Le ?&%$@*! de mal de tête
26 septembre 2015

Voici un sujet délicat — j’en entends déjà qui rient. Mais je mentionne d’emblée ceci : j’ai bel et bien titré : « Le ?&%$@*! de mal de tête ». Je n’ai pas juré, blasphémé, sacré, je n’ai pas ressorti un des attributs religieux qui servent de robinets à plusieurs Québécois (hostie, calice, tabernacle, calvaire et autres sacrement de ciboire), j’ai simplement écrit, et poliment je trouve : « Le ?&%$@*! de mal de tête ». Car j’ai un problème réel avec une certaine gamme de souffrance.


Entendons-nous. Il y a des maux abyssaux que nous ne pourrons jamais différer.

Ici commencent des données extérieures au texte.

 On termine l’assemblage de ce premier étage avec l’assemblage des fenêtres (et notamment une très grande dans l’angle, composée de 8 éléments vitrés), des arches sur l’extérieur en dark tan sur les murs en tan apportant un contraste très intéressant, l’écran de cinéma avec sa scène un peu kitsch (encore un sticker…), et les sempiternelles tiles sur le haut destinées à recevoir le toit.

Des barils si profonds qu’on n’en verra jamais le fond, des douleurs immenses, des abîmes qui vont nous laisser saignants pour toujours, à genoux, fiévreux et pauvres, des clous vissés dans nos épaules. La perte, la disparition, la maladie, la trahison. On va vivre avec ça, et il n’y a pas de morphine contre ces calamités, le matin on ouvre les yeux et la faucheuse est là, sur le bord du lit, qui attend en ne tapant même pas du pied, sûre d’elle : votre fille a été violée, votre père a le cancer des os, votre frère est dans le couloir de la mort en Alabama, un des trente-et-un États fédérés qui appliquent la peine de mort, parce que dans un accès de jalousie, il a bu, et qu’il a tué une petite famille sur la route en fonçant sur leur voiture à tombeau ouvert, il est là dans sa cellule grise, attendant la décision de quelque sénateur ; on ne se relèvera jamais de ces nouvelles-là.

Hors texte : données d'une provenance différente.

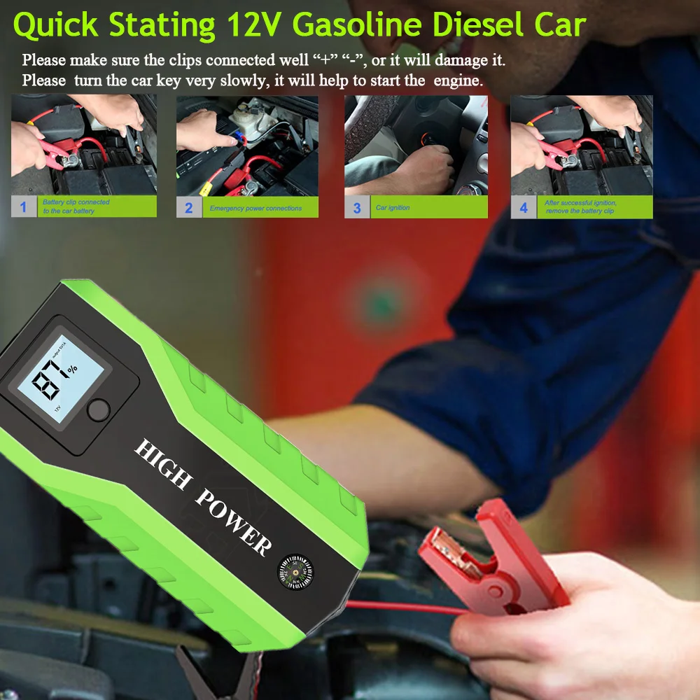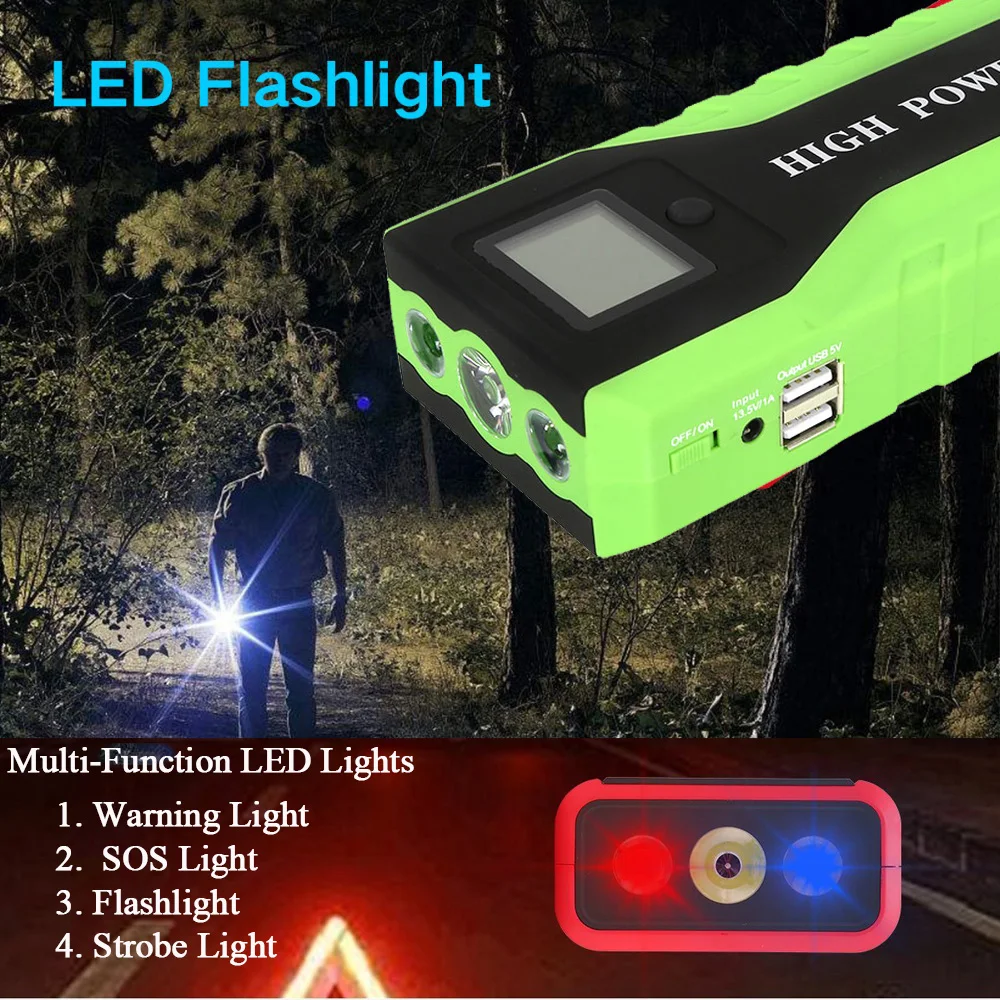 GKFLY Emergency 20000mAh Starting Device 12V 400A Car Battery Charger Petrol Diesel Car Jump Starter Power Bank Car Charger LED

Maintenant, au contraire, certaines douleurs peuvent se maîtriser, si je puis dire, si on s’en donne la peine. Et voici le « ?&%$@*! de mal de tête ». Tylénol, Advil, Aspirine, etc, on s’en fout de la couleur de la pilule, mais de grâce, réglons le problème à la source, dès qu’il se profile. C’est de notre ressort. Cela nous est possible. Ne laissons pas le hasard diriger jusque-là nos vies, il est déjà si puissant. Agissons sur la douleur, avant qu’elle contamine sournoisement notre sang.

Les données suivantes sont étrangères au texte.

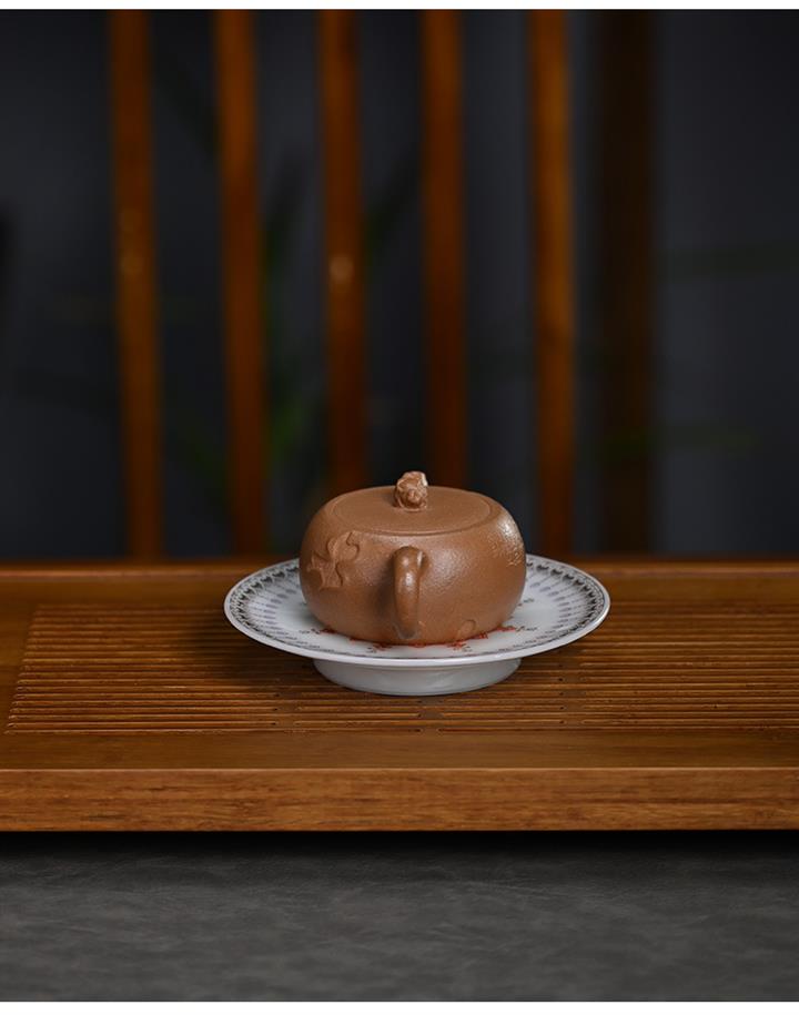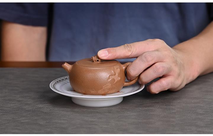【泥料特點】砂土氣重,似淳實農民,日久使用,漸露鋒芒,養成變化,溫潤莊重。紫砂是壹種雙重氣孔結構的多孔性材質,氣孔微細,密度高。用紫砂壺沏茶,不失原味,且香不渙散,得茶之真香真味。紫砂使用越久,壺身色澤越發光亮照人,氣韻溫雅。紫砂壺長久使用器身會因撫摸擦拭,變得越發溫潤光澤。
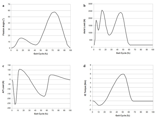 Input function of the gait cycle applied in the study: (a) flexion angle; (b) axial load, (c) anterior-posterior (AP) load; (d) internal-external (IE) torque.
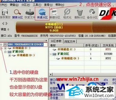 6、在左侧选中“Hd0”,然后点击“快速分区”;

Ce n’est pas que je n’en peux plus d’entendre que « Ce n’est rien, ça va se passer, dans une heure ça va être fini ». C’est assez touchant même. Mais ce n’est pas vrai. C’est toujours faux. C’est du mensonge éhonté et presque de la lâcheté. Dans une heure, tu auras peut-être eu ce petit geste d’impatience anodin à mon endroit, ou à l’endroit du voisin, ou de notre enfant, le petit geste d’impatience aura fait ses petits et aboutira à ma propre réplique plus sèche, à celle du voisin, celle de notre enfant, tu auras peut-être claqué une porte un rien plus violemment, tu auras répondu durement à une question pourtant tendre, et je ne saurai pas d’où vient ma propre impatience, ni celle du voisin qui renversera notre poubelle de récupération, tu auras été la première victime de ta migraine, certes, mais en croyant supporter vaillamment ce mal de tête complètement contournable, tu auras permis des centaines de dommages collatéraux desquels tu vas ensuite te dédouaner, en disant : « Ben non, ça ne vient pas de là… ». Et si c’était vrai, mon cœur, le battement d’aile du papillon qui provoque une marée en Corée ? Ne te sentirais-tu pas un peu responsable de l’éviter ? Je veux dire : si c’est possible de l’éviter, n’est-ce pas un devoir de le faire ? Je ne sais pas. Je ne sais plus. Je suis comme toi. Je pense que parfois je pourrais t’éviter ma douleur, prendre un cachet, et surtout, te protéger. Je pense que je pourrais être un tout petit peu meilleur, pour éviter que tu aies mal.


Je crois qu’il faut se méfier de la douleur que nous pouvons déjouer, ou faire subir, une douleur qu’en termes judéo-chrétiens nous décidons de supporter ; nous en méfier car elle est porteuse à son tour de traquenards que nous ne maîtriserons pas, qui vont nous faire du mal, et qui vont blesser des gens que nous aimons. Nous avons la responsabilité, parce que nous aimons nos proches, de juguler tout ce que nous pouvons comme souffrance. Et si nous ne jouons pas notre rôle d’humains dans cette besogne noble et haute d’arrêter de souffrir quand cela nous est possible, nous ouvrons la porte à tous les dérapages qu’ensuite on se pressera de condamner, en oubliant le rôle qu’on a joué dans l’affaire. Car nous serons ainsi à la source du mal des autres, en ayant refusé par principe de ne pas prendre deux tylénols.